Loneliness can be overcome. But some longings can’t.

posted in Solitary Journey at 12:08 pm Off
Wednesday July 15th, 2009

I don't! =)



You Love Being Single


In general, you’re very happy being single.
You like doing your own thing, and you’re happy not to have to compromise.

You’re not opposed to being attached, but you’re not going to settle.
Someone else should your enhance your life, and you’re happy to wait for that person.

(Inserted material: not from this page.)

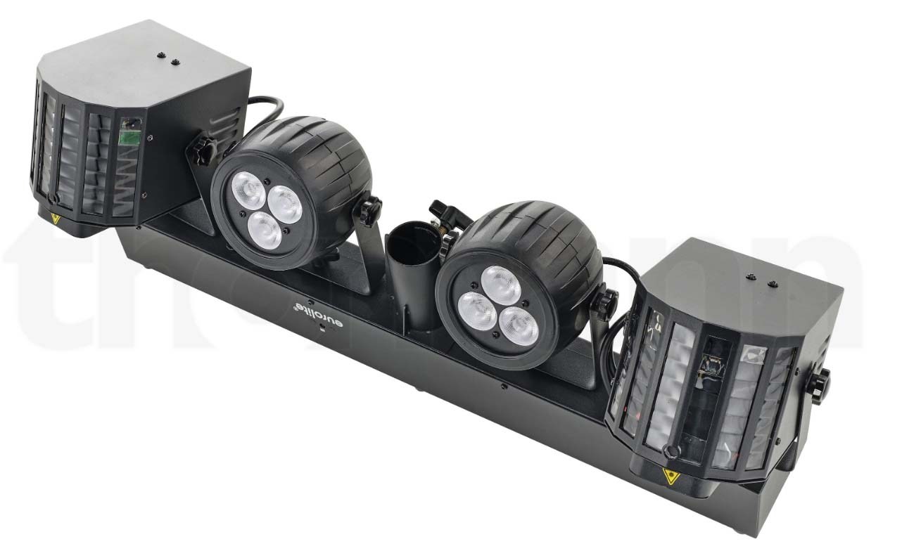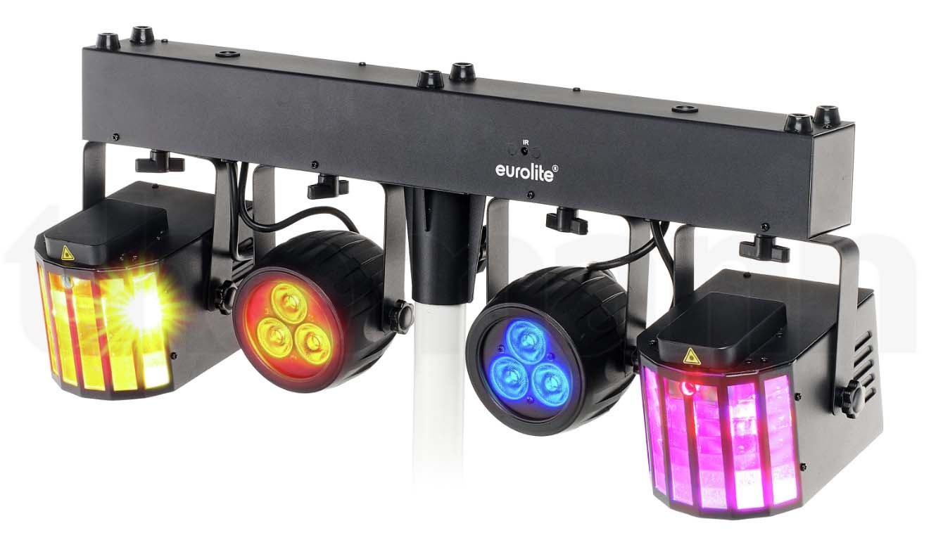 EUROLITE LED KLS-120 LASER FX II COMPACT LIGHT SET - панель световых эффектов DMX с 2 вращающимися светодиодными дерби, 2 светодиодными прожекторами и 2 лазерами (RG/2M)

posted in Solitary Journey at 9:50 am Off
Sunday September 28th, 2008

Unselfish love

You will know when you really love someone when you want him to be happy even if his or her happiness means you are not a part of it.
- Unknown

I fell in love with a man who I thought was free to love me. Thank goodness it took me only a couple of months to realize that he wasn’t free at all. He was deeply committed to someone else. And there was a child in the middle of us all.

I was so in love with the guy that there was a war going on inside me… do I let him go or fight for him? I did the former. If there was not a child involved, I would have fought for him. But the child made me see things differently. It was not easy, letting him go. But the decision was made easily.

His happiness lies in his child. And the child’s future lies with her father. I would never take that away from anyone, least of all someone I loved.